One Soul at a Time: Developing R.I.P.D.
Before Peter M. Lenkov wrote for hit television series such as 24, CSI: NY and Hawaii Five-0, he cut his procedural teeth on the series of graphic novels known as "R.I.P.D." Since Dark Horse Comics founder Mike Richardson first heard Lenkov's pitch for this story about two rogue cops working on the other other side of the law in the late '90s, Richardson has had an eye on adapting the otherworldly "R.I.P.D." series of comics for the big screen.
During his tenure at Dark Horse, Richardson has led his team to translate some of their most popular graphic novels into hit films such as The Mask, Hellboy and Hellboy II: The Golden Army. The producer knows that the endeavor of selecting the right time to adapt unique properties for the big screen is a strategic one. Richardson remarks: "As a publisher, you're always looking for great publishing material. We try to recognize that potential, which is what happened with 'R.I.P.D.' Keeping mindful that his company traverses two mediums, Richardson adds: "It's hard to be precious with the graphic novel when you're talking about translating it to a screenplay. They have different requirements and elements that require a director who is able to extrapolate that something special to make a great film."
First published in 2003, Lenkov's popular four-issue series tells the raucous story of a police force comprising officers who are on their second tour of duty with the Rest In Peace Department. This team has the ability to traverse the real world and the netherworld to keep demons at bay and ensure that the balance of life and death -- and the inherent safety of humanity -- remains a guarantee.
Over the course of the past decade, several different treatments of the material were floated around Dark Horse, and some scripts came close to being made. But it was when R.I.P.D. executive producer Ori Marmur, a production executive at veteran producer Neal H. Moritz's Original Film, saw Lenkov's graphic novel during a visit to Richardson's offices that the project kicked into high gear.

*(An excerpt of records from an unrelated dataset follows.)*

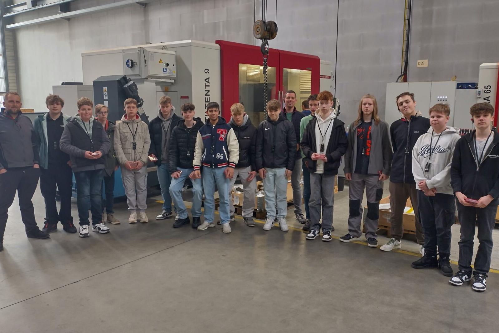 Im Anschluss an den Vortrag erhielt jeder Schüler ein Headset, um trotz des Maschinenlärms in den Produktions- und Fertigungshallen den Ausführungen folgen zu können. "Während der Führung erhielten die Schüler zahlreiche inspirierende Eindrücke von den großen Fräsmaschinen und den verschiedenen Fachrichtungen, die bei Nyblad angeboten werden", so die Mitteilung. Dazu zählen Ausbildungsberufe wie Industriekaufmann, Konstruktionsmechaniker, Technischer Produktdesigner, Industriemechaniker, Zerspanungsmechaniker, Elektroniker für Betriebstechnik und Mechatroniker.
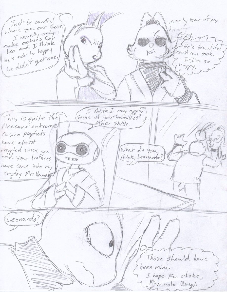 Donnie thanks Usagi for his flowers with a sweet treat.
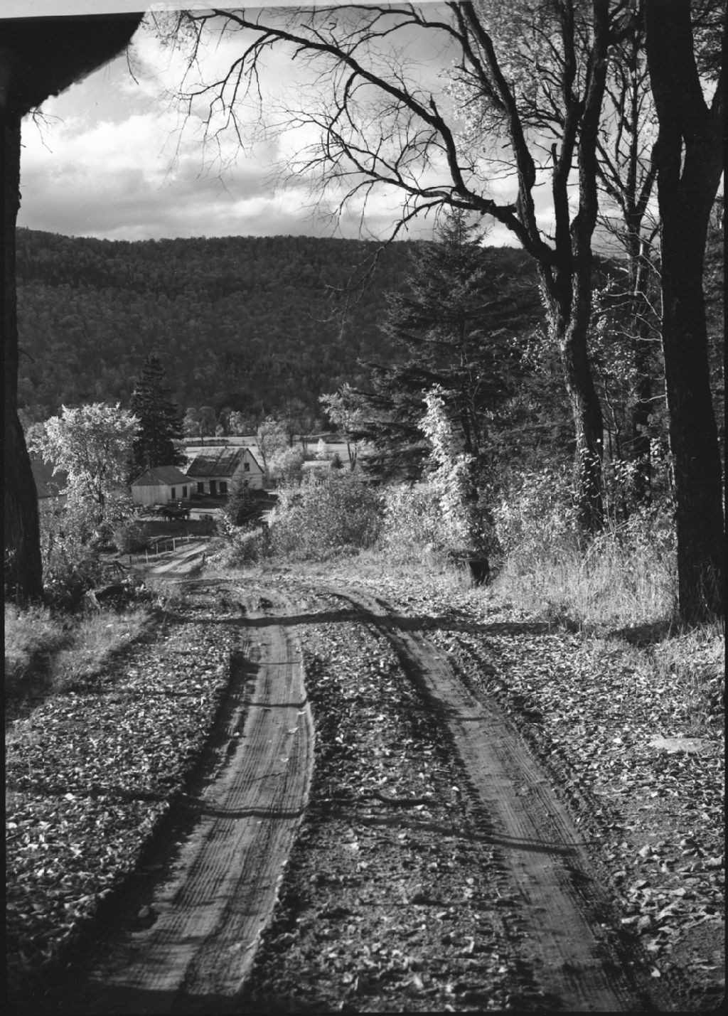 Chemin de campagne en automne. Feuilles mortes et maison au loin. Tewkesbury, Vers 1950, Archives nationales à Québec, Fonds George A. Driscoll, (03Q,P630,S8,D67449), George A. Driscoll.

Fortuitously, Marmur -- quite taken by the concept of the graphic novel in front of him -- was having lunch with filmmaker David Dobkin and asked Richardson if he could show Dobkin "R.I.P.D." to get the writer/director's thoughts on the material. Dobkin called Richardson after reading the comic and advised that he loved the book and was interested in developing it into a film. In fact, he came onto R.I.P.D. and did a great deal of work on the story before the project took on a new direction.
Ultimately, it was the writing team of Phil Hay and Matt Manfredi -- working from a story in which they share credit with Dobkin -- who jump-started a version of the screenplay that Richardson and Moritz would feel was ready for the big screen. Richardson explains the next stage of development: "Phil and Matt were working on another Dark Horse project when we pitched them the idea of creating a screenplay for R.I.P.D. that expanded upon David's terrific work. They liked the material and switched over from the earlier project to this one. We were lucky to get them."
Coincidentally, over the past several years, Hay and Manfredi have also worked with Original Film on several other projects. Their writing style is complementary to the action genre in which Moritz, a prolific producer who counts the Fast & Furious franchise, 21 Jump Street and I Am Legend among his numerous film credits, excels. At the same time, the writers chose to infuse the story with additional elements that reflect their darkly comic tastes.
The richness of the premise and intricate world creation excited Moritz as much as it did Richardson. He notes: "On the conceptual level, the idea of the R.I.P.D. was a unique one about a police department whose sole task is to find the dead living amongst us and bring them back to the other side to face judgment. On another level, it hearkens back to my favorite buddy-cop films like 48 Hours and Lethal Weapon. There is this fantastic dynamic between these two guys. What we set out to do was make a buddy-cop movie that had great action, but at the same time we wanted to ensure that there are big stakes and the cinematic scope of a summer film."
From the start, the screenwriting team's goal was to retain the salient elements of the graphic novels while exploring the rapport between two wholly disparate guys -- a newly dead modern-day police officer and his gunslinger counterpart from the Old West -- and how they learn to work with one another. This interplay became the standout aspect of the script. Says Hay: "We wanted to maintain that inspirational nugget of the comic book. It's morphed into this landscape that fits the best of what we've been thinking about over the last few years."
Adds writing partner Manfredi: "But it always comes back to this buddy-cop movie that we wanted to tell of a newly dead officer and his veteran partner."
Joining the core team in production duties was seasoned action producer Michael Fottrell, whose diverse resume of motion-picture credits includes Fast & Furious, Fast Five and Live Free or Die Hard. Offers Fottrell: "What I loved about Phil and Matt's script is that they were able to make this new world that Nick and Roy have entered just as believable as the one that exists on the plane that humans understand. It's a delicate dance to merge comedy with action and spectacle, and they nailed it."